» YOUR TASK
The result should be the lines from the one that contains "排名女鞋銷售額前十名商場的女" to the final line of the entries below, copied exactly and with no pictures.

» MATERIAL PROVIDED
________________________
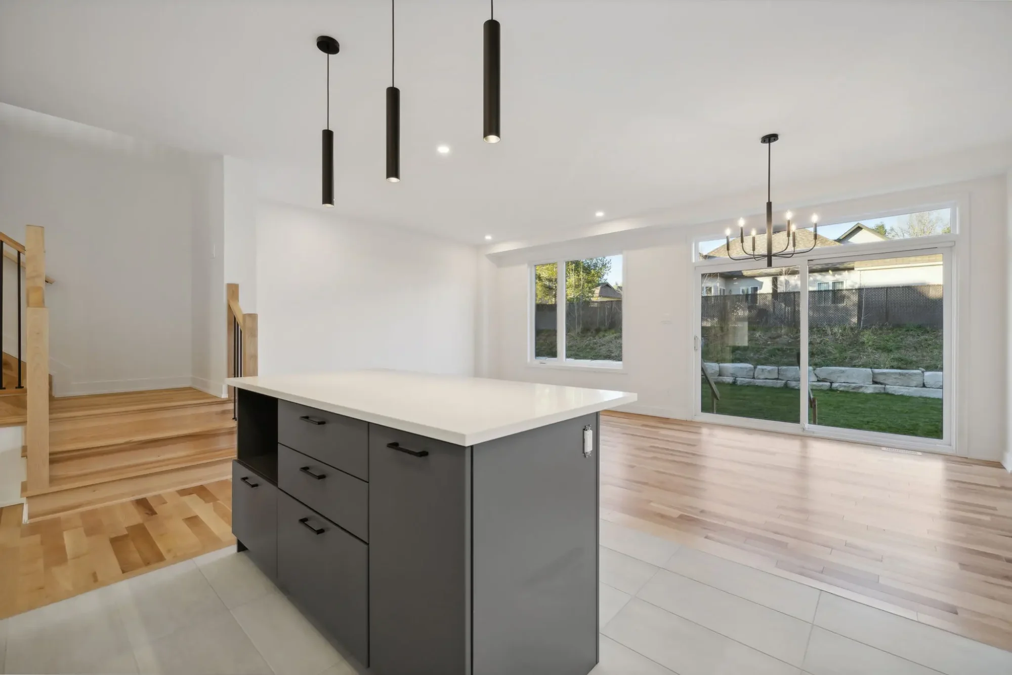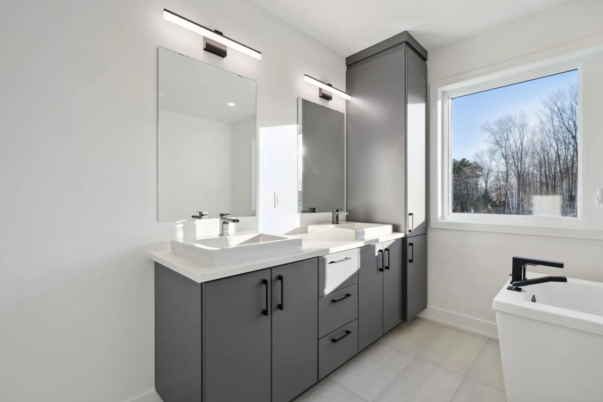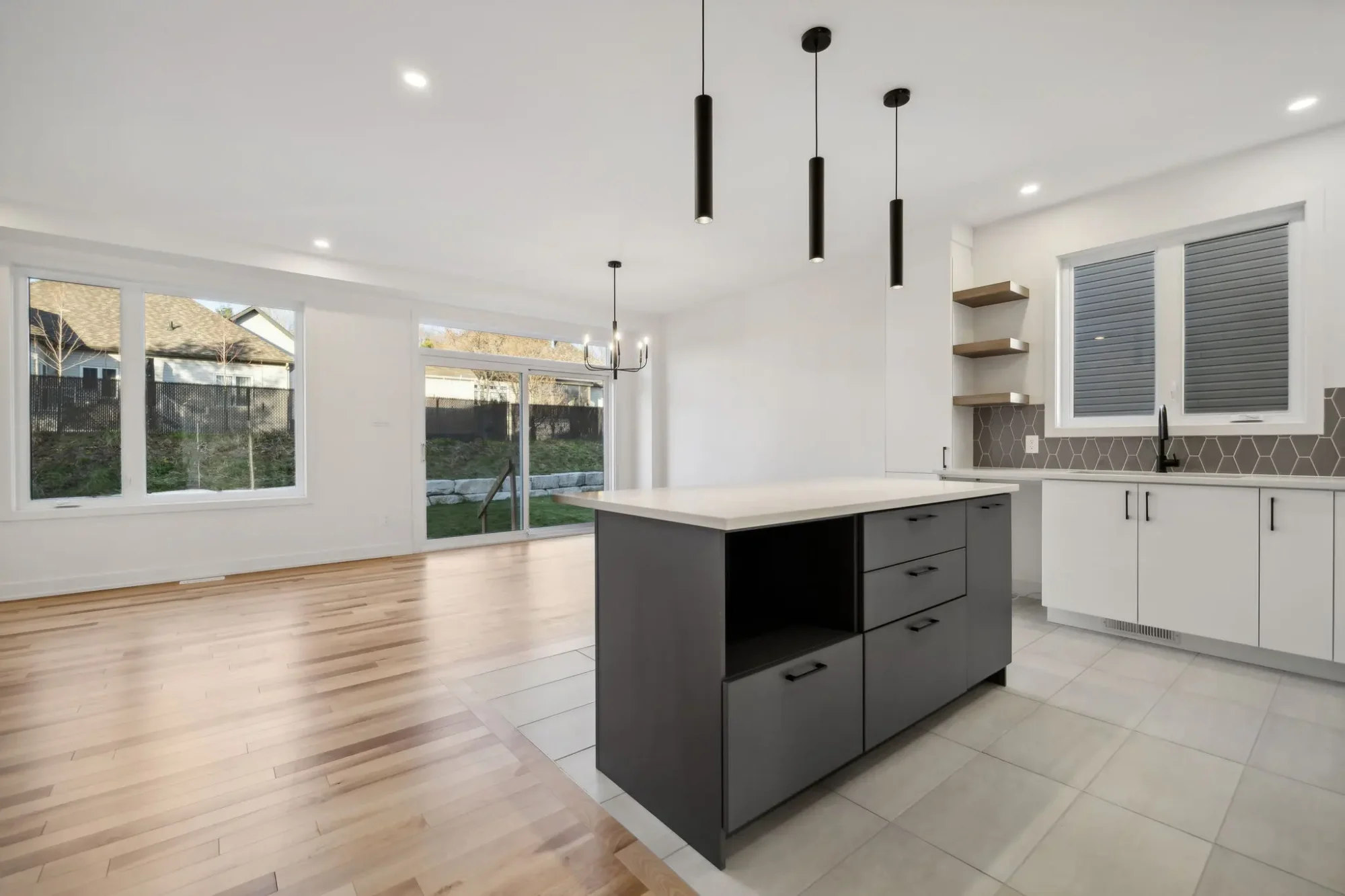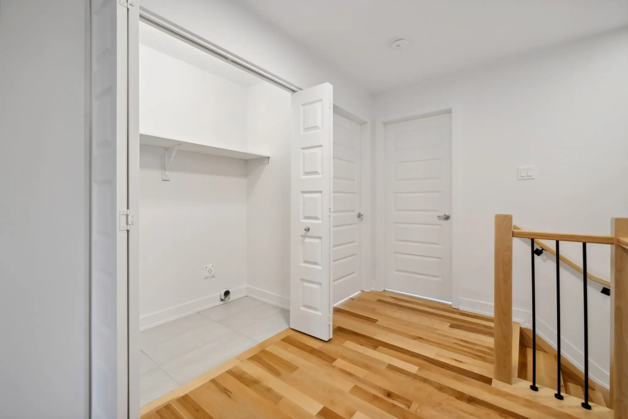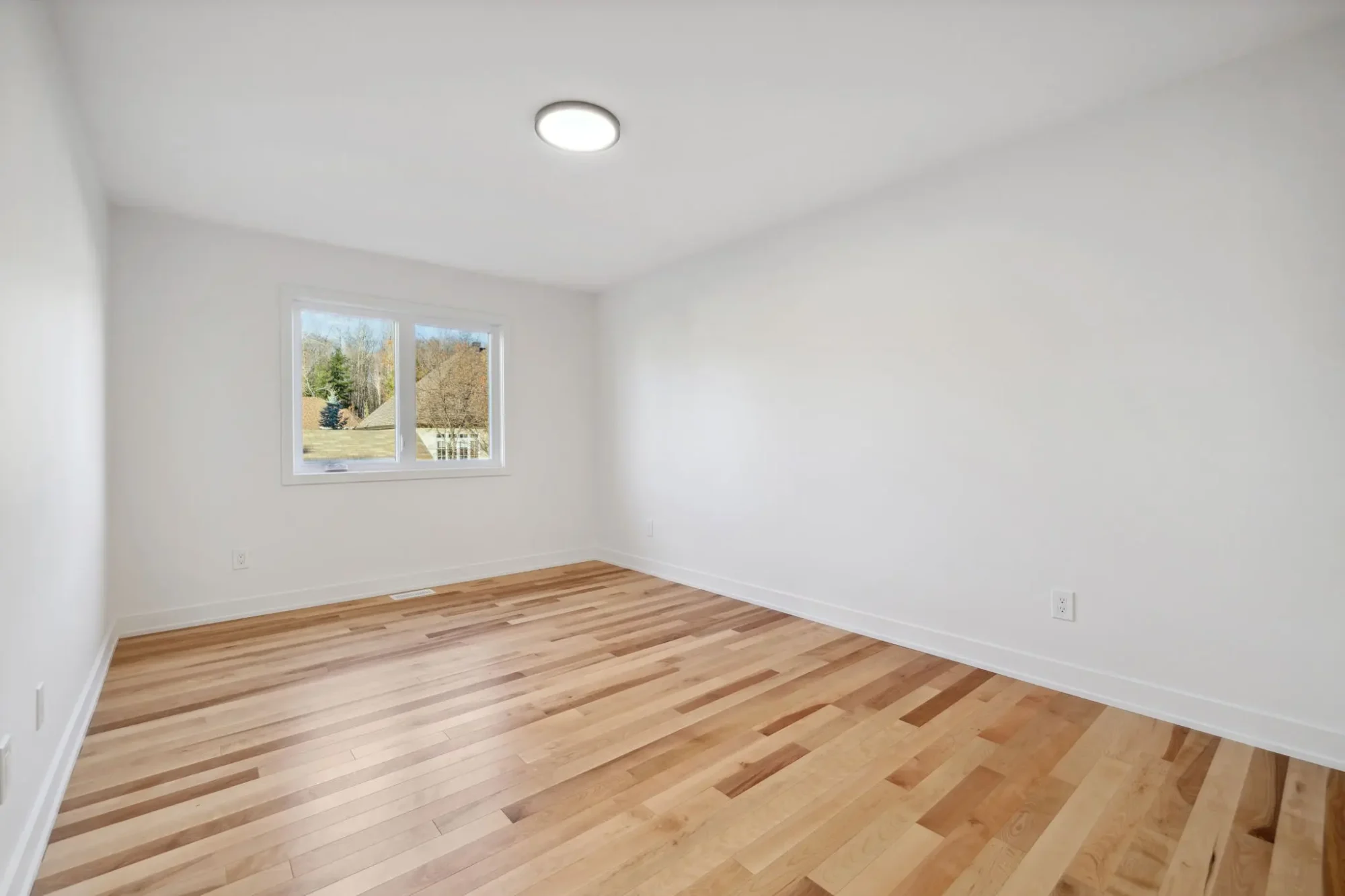 - Bois franc teint et vernis 3-1/4’’ au rez-de-chaussé, incluant les chambres
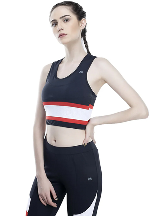 Muscle Torque Black With Red And White Panel Bra Top, Rs. 780
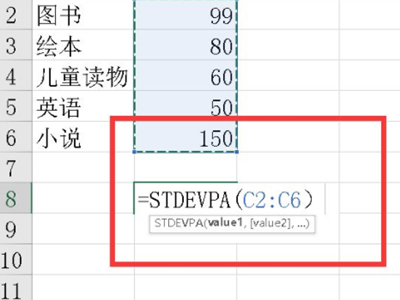1、在数据单元格的下方输入标准差公式函数公式“=STDEVPA(C2:C6)”。
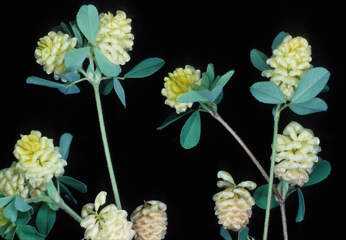 Anuales, tomentosas. Tallos erectos, ramificados o simples. Peciolos de hasta 30 mm; folíolos de 10-20 mm, obovados o elípticos, denticulados, obtusos, truncados o retusos; estípulas ovado-acuminadas. Inflorescencias de 15-22 mm de diámetro, hemisféricas en la fructificación, axilares y terminales, multifloras. Pedúnculos de hasta 40 x 0,6-0,8 mm en la fructificación, más largos que las hojas, con pelos patentes. Pedicelos tan largos o más largos que el tubo del cáliz, reflejos en la fructificación. Cáliz membranoso, con 5 nervios; dientes desiguales, los superiores ligeramente más cortos que el tubo, los inferiores de 1,5-3 veces más largos que el tubo, glabros o ciliados. Corola de (7)7,5-9 mm, bastante más Iarga que el cáliz, persistente y escariosa en la fructificación, amarilla virando a pardo en la desecación, con estandarte estriado longitudinalmente y de margen denticulado
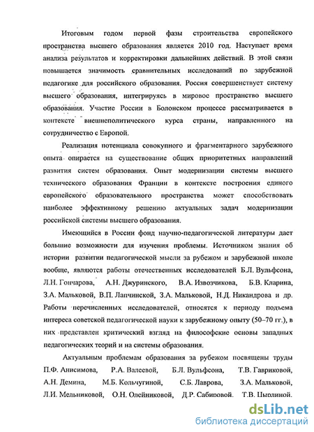 Современные российские диссертационные исследования в области педагогики касаются различных проблем развития и реформирования систем образования в странах Евросоюза (О.Н. Олейникова, Е.А. Торопов, А.Н. Кирилловский, М.Р. Лисенко, Е.А. Мишина, А.Н. Кельмурзина). В научных работах исследуется содержание и технологии подготовки менеджеров в высших профессиональных школах Франции (Т.А. Плюшкина), раскрываются вопросы непрерывного образования взрослых (Е.В. Онушкина), аспекты подготовки инженеров сельскохозяйственного профиля (О.Д. Гущина), вопросы организации, контроля и оценки студентов в университетах России и Франции (Л.Г. Мартыненко).
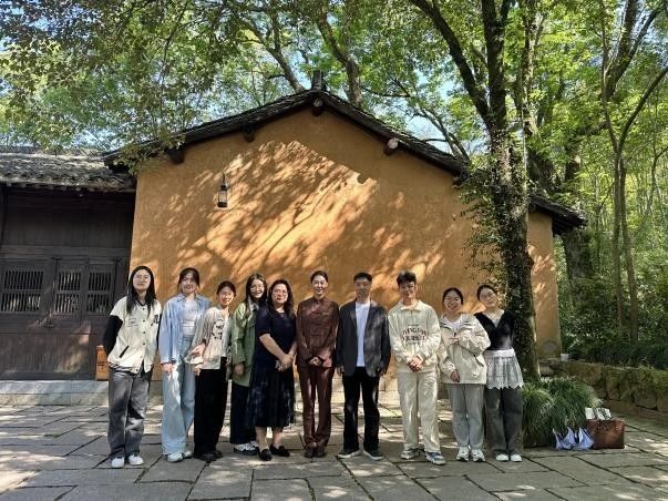 在王丽利总监的带领下,师生踏入这座毗邻景区的酒店,感受清幽古朴的氛围。王丽利总监讲解了法云安缦酒店的品牌故事、历史沿革和文化底蕴,其所在的法云村曾是茶民聚居地,经过统一设计规划,完整保留了村落风貌。酒店的建筑皆循旧址重建,与周边山林完美融合,与自然环境相得益彰。
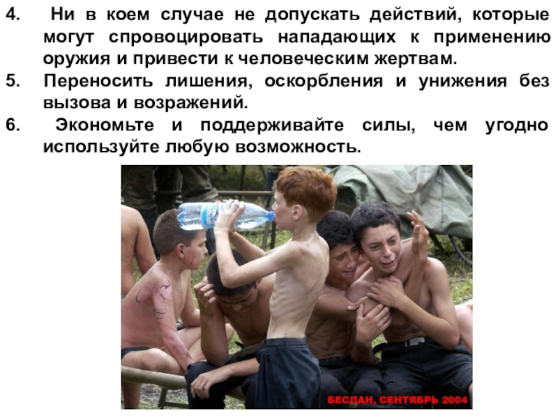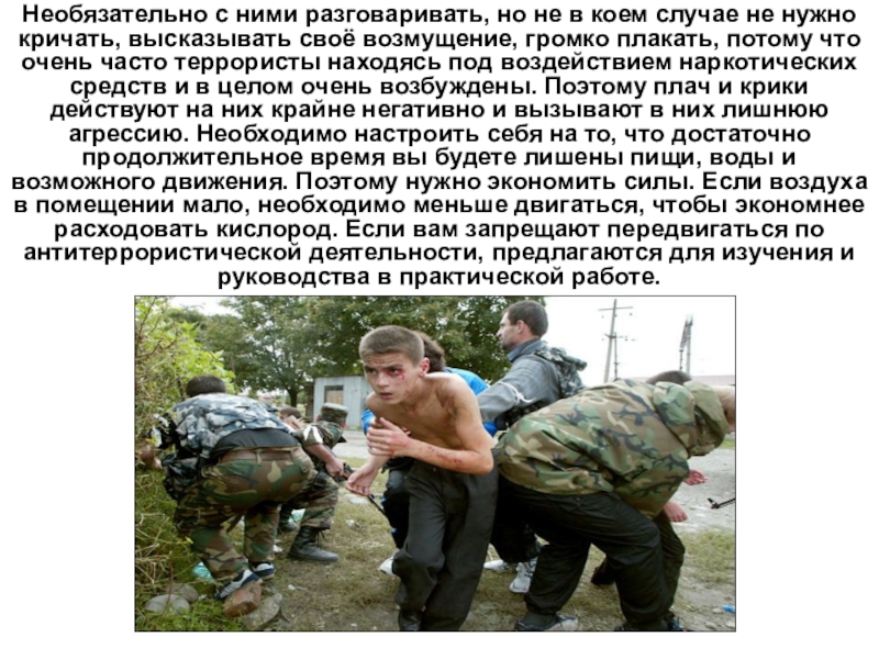 кричать, высказывать своё возмущение, громко плакать, потому что очень часто террористы находясь под воздействием наркотических средств и в целом очень возбуждены. Поэтому плач и крики действуют на них крайне негативно и вызывают в них лишнюю агрессию. Необходимо настроить себя на то, что достаточно продолжительное время вы будете лишены пищи, воды и возможного движения. Поэтому нужно экономить силы. Если воздуха в помещении мало, необходимо меньше двигаться, чтобы экономнее расходовать кислород. Если вам запрещают передвигаться по антитеррористической деятельности, предлагаются для изучения и руководства в практической работе.
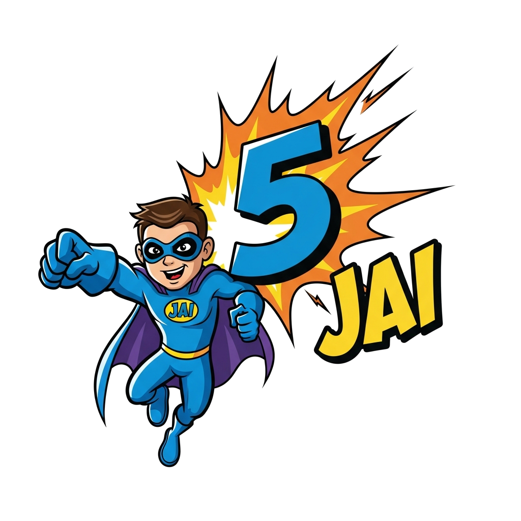 "A dynamic, bold cartoon illustration of a superhero character with a cool mask, leaping into action. The number '5' is integrated into a powerful energy blast behind them, with 'Jai' written in a strong, comic-book style font. Vibrant colors and sharp lines."
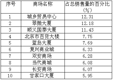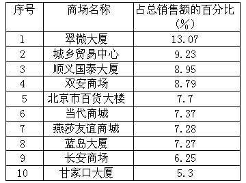 排名女鞋銷售額前十名商場的女鞋銷售額約占總額的81%。翠微大廈、城鄉貿易中心、順義國泰依舊占據前三甲席位。
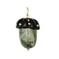 Hand-carved stone acorn pendant in obsidian and serpentine with 14K gold accents. A refined pendant that combines natural beauty with precious metal details.
________________________
» REPLY
 排名女鞋銷售額前十名商場的女鞋銷售額約占總額的81%。翠微大廈、城鄉貿易中心、順義國泰依舊占據前三甲席位。
 Hand-carved stone acorn pendant in obsidian and serpentine with 14K gold accents. A refined pendant that combines natural beauty with precious metal details.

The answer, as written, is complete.